I worked in video classification project and I am trying to input my video frames to two different CNN models (alexnet and VGG) to extract frame-level-features from each model then aggregates the output of each model into two different LSTM. My question is how to combine the output states of two LSTM to fed to fully connected layers for classification?
Thanks in advance
I don’t know if there is a standard method to do this in the literature, but I can think of 2 approaches to the problem.
Supposing you are interested only in the last hidden state of both LSTMs you can:
- Concatenate LSTM’s hidden states in one hidden state and feed it to your MLP.
- Sum or average the LSTM’s hidden states: this is done for example when you use a bidirectional LSTM to merge the forward and the backward features.

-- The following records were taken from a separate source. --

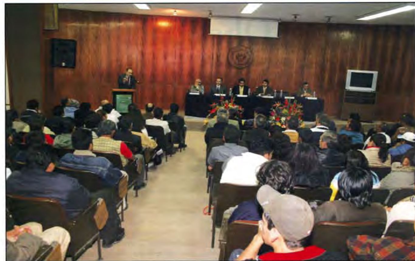
Presentación de la revista ante las comunidades universitaria y científica.

Por otra parte, la contabilidad de las naciones viene valorando la cantidad de riqueza creada, midiéndola, por ejemplo, por el Producto Interno Bruto, Nacional Bruto u otros indicadores, pero nunca considerando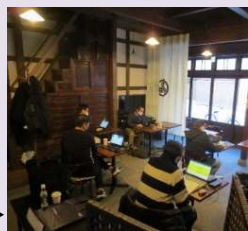
令和2年度のワーキングスペース実証実験の様子▶

歴史的建造物の所有者、民間事業者及び行政の緊密な連携のもと、未活用の歴史的建造物の健全な保全を図ったうえで流通の促進及び利活用を進め、さらに包括的な施設の管理・運営を行い、事業の経済活動の中から資金を確保する仕組みの構築を行う。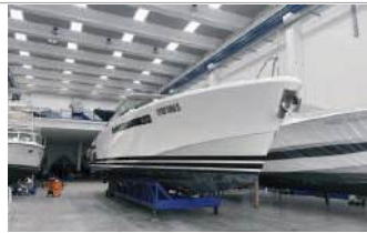
Delta Power 60 2020, 16,63 m, 2 x 600 HP Volvo Penta 600, tel. +39 347/1890139 - seatimeyachting@gmail.com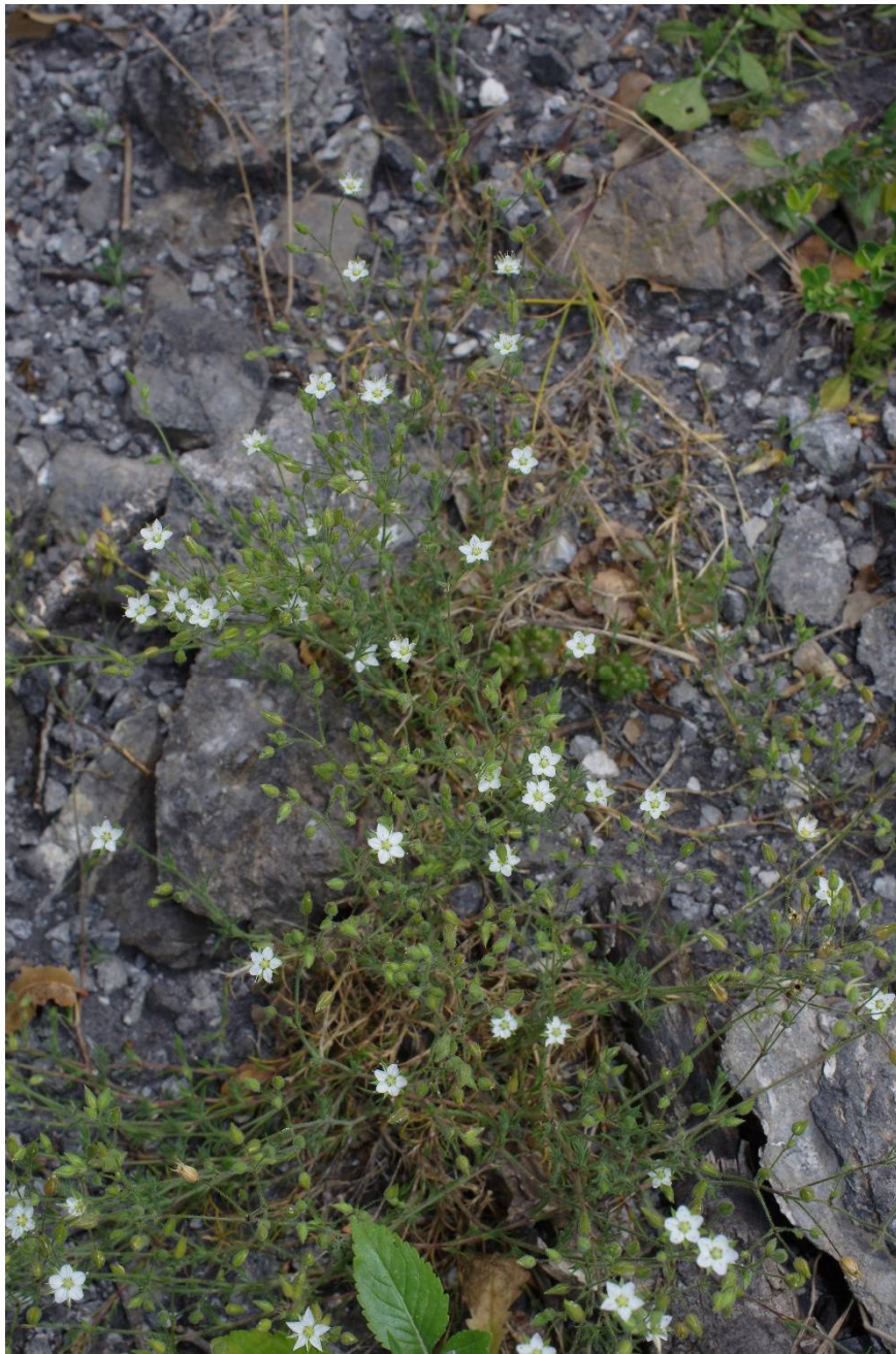
Minuartia attica subsp. attica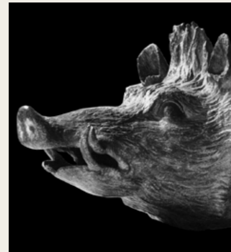
Hure de sanglier en bronze servant à décorer l'éperon supérieur d'un navire romain, découvert en 1960 dans le golfe de Fos. Musée d'Istres

Du plus fragile esquif au plus lourd vaisseau de ligne, tous les navires doivent leur existence à un savoir-faire patiemment développé par des générations de charpentiers, puis de maîtres-constructeurs, d'ingénieurs et d'architectes navals. Pour édifier les carènes, le bois longtemps a prévalu. Le fer ensuite a triomphé avant que le plastique et le composite ne viennent aujourd'hui contester cette suprématie. L'étude des coques perdues sous les mers renseigne sur l'évolution des techniques de construction navale, les outils et les matériaux utilisés. Il importe en conséquence que l'archéologue enregistre méthodiquement leurs vestiges de sorte à les interpréter parfaitement pour mieux appréhender les navires d'autrefois.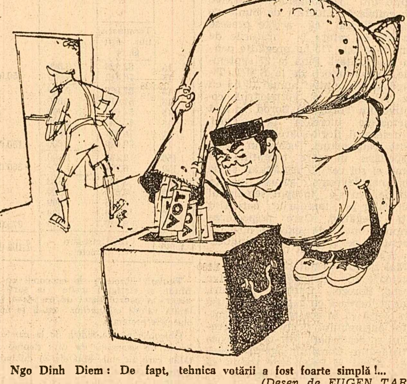
Ngô Dinh Diem: De fapt, tehnica votării a fost foarte simplă!...

Comentariu rezultatele alegerilor, oficialitățile sud-vietnameze au declarat că „alegătorii” n-au înțeles tehnica votării.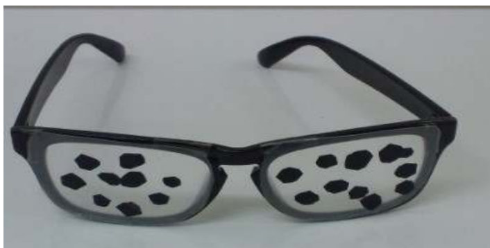
看護師手作り網膜症体験メガネ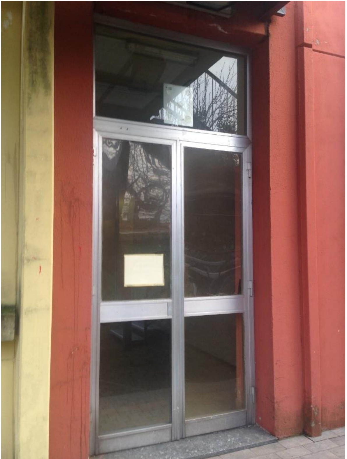
Figura 5. Uscita di emergenza esistente con maniglioni antipanico, presente al piano terra in prossimità delle scale antincendio_lato Nord-Ovest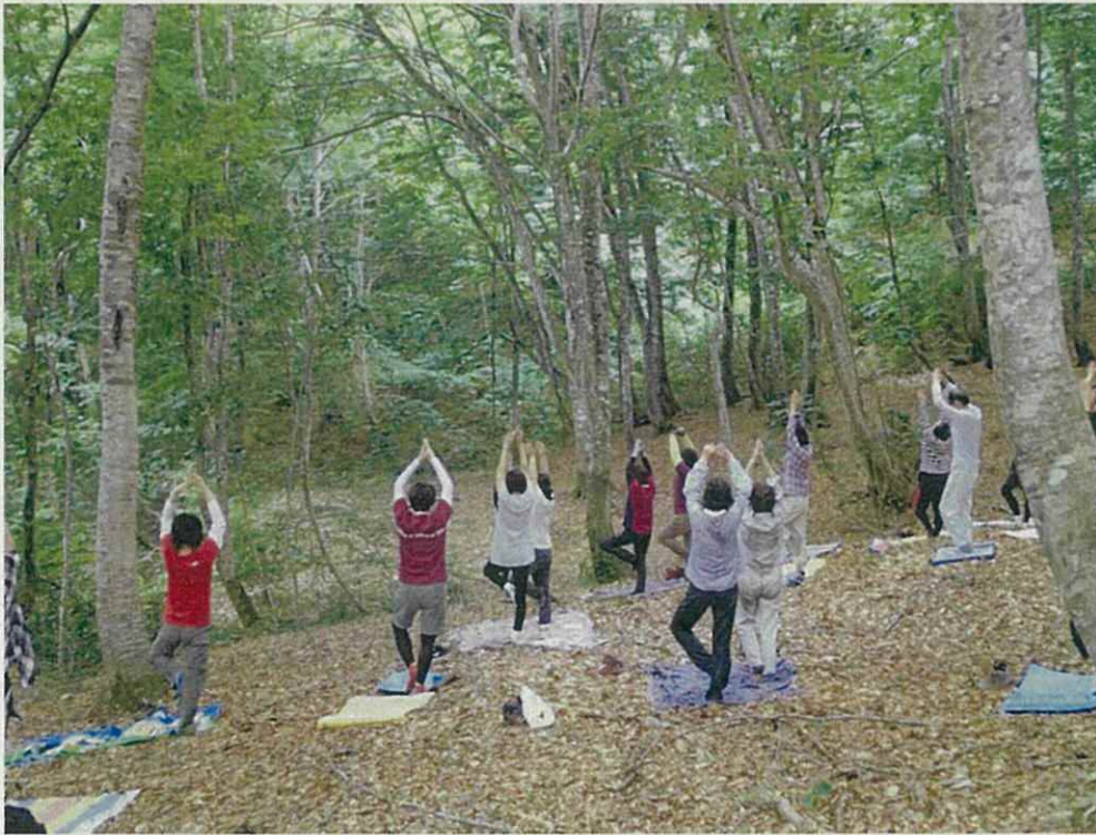
ヨガの講師を招いてヨガを体験

Feed the result to your MLP.
thank you fro reply, I have two model each model connect to LSTM. in each LSTM, I concatenate LSTM’s hidden states in one hidden state, so, I have two states output from two different LSTM, How can I make fusion between these states?
Let’s say you have a hidden state of size
(1, N, H) where
N is the batch size and
H is the number of hidden units.The 1 is there because I assumed you have 1 layer and no bidirectionality.
So in your case you have 2 of these hidden states, one for each LSTM, and they may differ only in the value of
H1 the dimensionality of the first LSTM and
H2 the dimensionality of the second LSTM.
You can obtain a single stacked hidden state of size
(1, N, H1+H2) with this code:
stacked_hidden = torch.cat( (hidden1, hidden2), dim=2)
Instead, if you want to sum or average the hidden states you have to set
H1 = H2 and then you can simply use the usual sum or average operations.
In all these cases you can squeeze your result to remove the zero-th dimension with value
1 and feed the tensor to the fully connected network. By the way this network should have
input_size = H1+H2 (if you use concatenation) or
H (if you use sum or average).